Data provided ▸
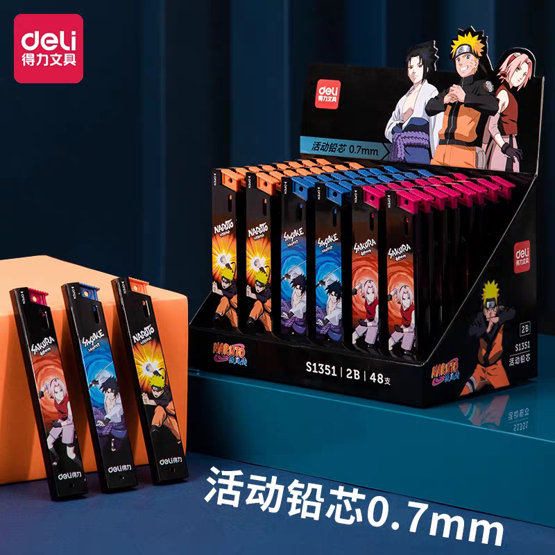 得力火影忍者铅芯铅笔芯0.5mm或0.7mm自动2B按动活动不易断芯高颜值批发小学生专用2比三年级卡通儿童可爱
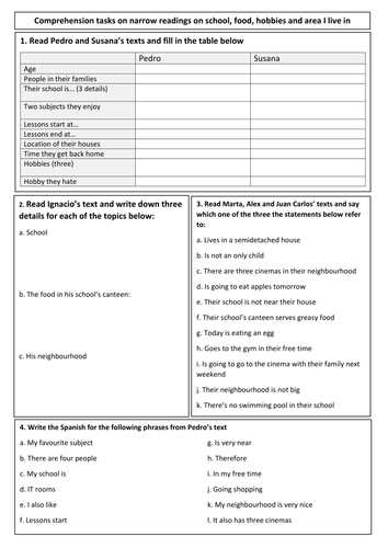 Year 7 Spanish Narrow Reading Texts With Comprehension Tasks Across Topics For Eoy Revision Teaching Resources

* * *

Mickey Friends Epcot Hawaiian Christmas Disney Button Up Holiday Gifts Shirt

Problem to work on ▸ When you reach the line with "得力火影忍者铅芯铅笔芯0.5" in the records above, start writing out each line exactly, and stop after the line with "Year 7 Spanish". Pictures stay out.

Answer area ▸
 得力火影忍者铅芯铅笔芯0.5mm或0.7mm自动2B按动活动不易断芯高颜值批发小学生专用2比三年级卡通儿童可爱
 Year 7 Spanish Narrow Reading Texts With Comprehension Tasks Across Topics For Eoy Revision Teaching Resources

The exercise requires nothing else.